The Centre for Policy Studies has called on the Treasury to be more radical in reforming pension tax relief by creating a product that would allow pension contributions to be split into separate pots.
Research fellow Michael Johnson has published a paper setting out an alternative approach to pensions and Isa saving following the Government’s consultation on pension tax relief, which closed last month.
Johnson, the architect of the pensions as Isas model, has argued the Treasury should move to a taxed-exempt-exempt model and create an “Isa warehouse”, which would include separate Isa pots earmarked for things like first-time buyer deposits or long-term care.
He says each Isa “cell” would have individually set incentives. Johnson suggests a modest annual allowance, such as £8,000, would be shared between the Isa cells, subject to Treasury modelling confirmation.
Johnson proposes a smaller incentive could accommodate a higher annual allowance.
The Isa warehouse model would work alongside other proposals, including the scrapping of all income tax and national insurance contribution relief on pension contributions, to be replaced by a 50p Government top-up for every post-tax £1 saved.
Johnson suggests employer contributions would be paid into a workplace Isa, with withdrawals not allowed until age 60.
There would also be a lifetime Isa for employees, with the workplace and lifetime Isa sitting within the Isa warehouse.
Johnson says: “‘Drawing on international experience, a ‘Big Bang’ approach is favoured in terms of the transition to a TEE world.

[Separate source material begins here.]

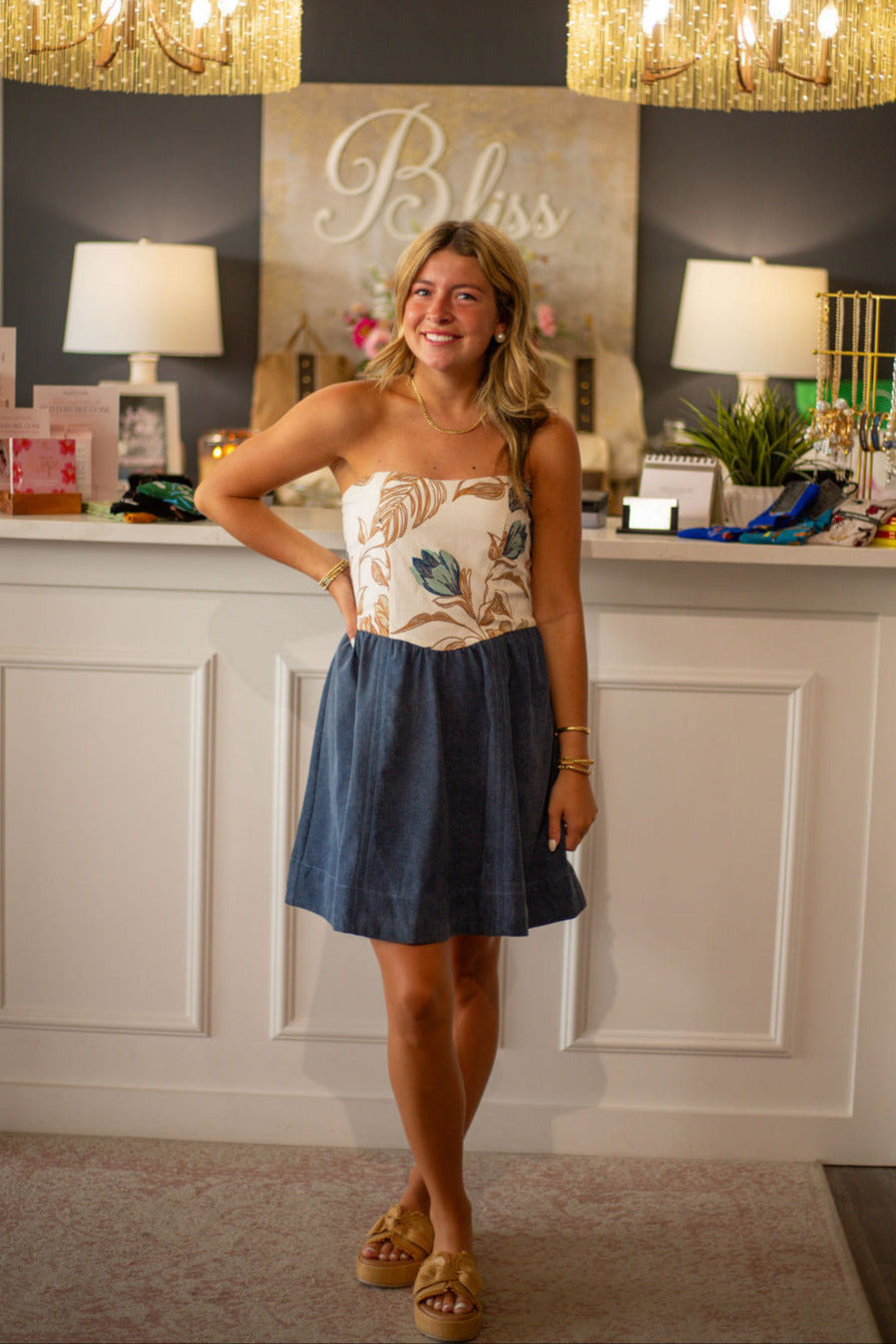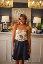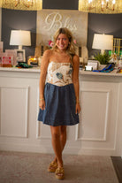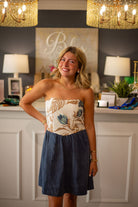 The Antibes Dress combines a fitted embroidered bodice with a subtly flared denim skirt, creating a refined yet playful silhouette. Its short length makes it versatile for both casual and dressier occasions, allowing effortless transitions from day to evening. This dress offers a polished look with a touch of charm, perfect for those seeking understated elegance with a modern edge.
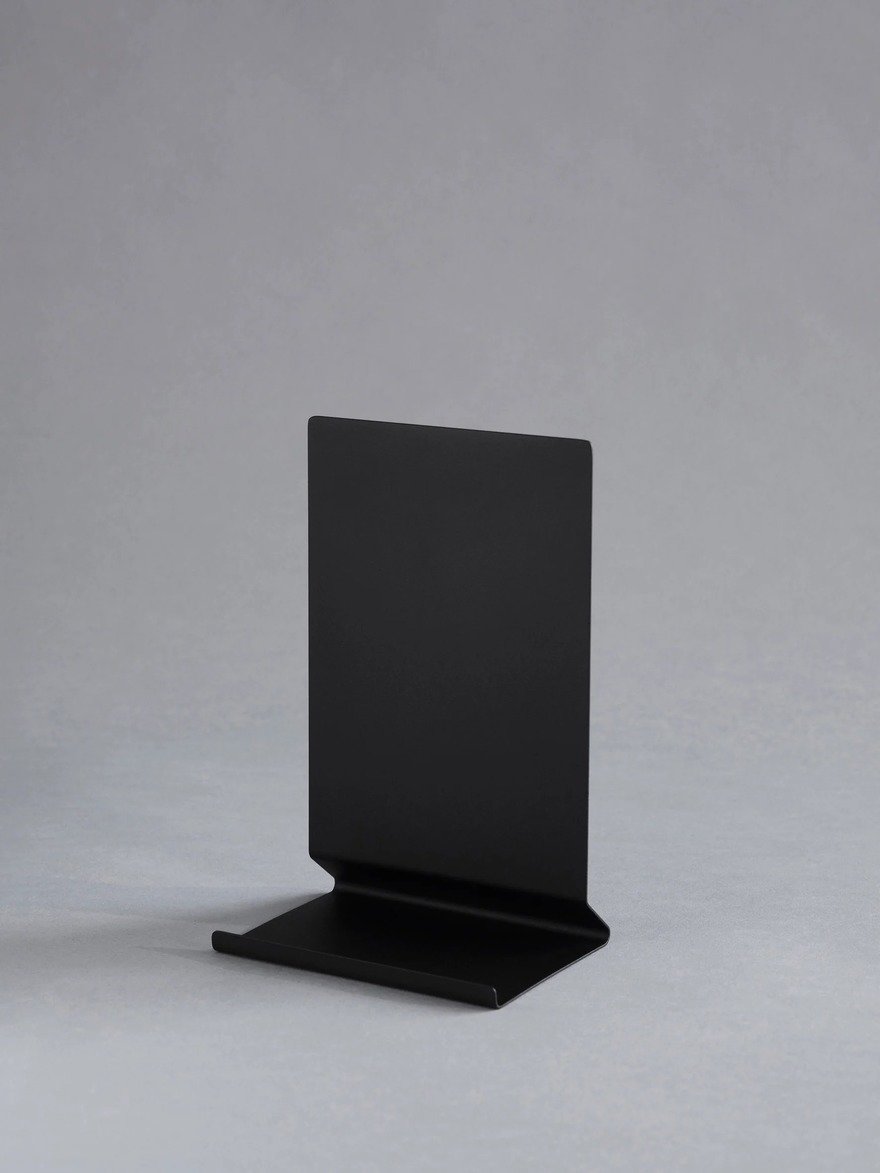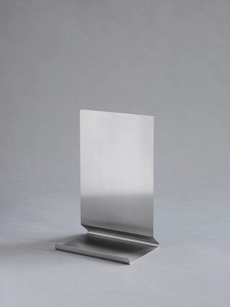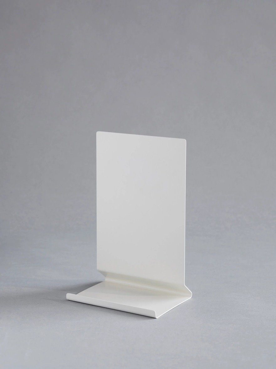 Made of stainless steel, it can either be used as a bookend, a book stand, or a page-holding stand.

“The primary driver for moving from pensions’ EET framework to the TEE world of Isas is the inflexibility of pension savings prior to 55. This is at odds with how those in Generation Y, in particular, are living their lives. Many eschew pension saving, thereby missing out on tax relief, but engagement with ISAs is high. Ready access and flexibility is valued above tax relief.”
He adds: “A single TEE tax framework for savings would represent a marked simplification of the savings arena.”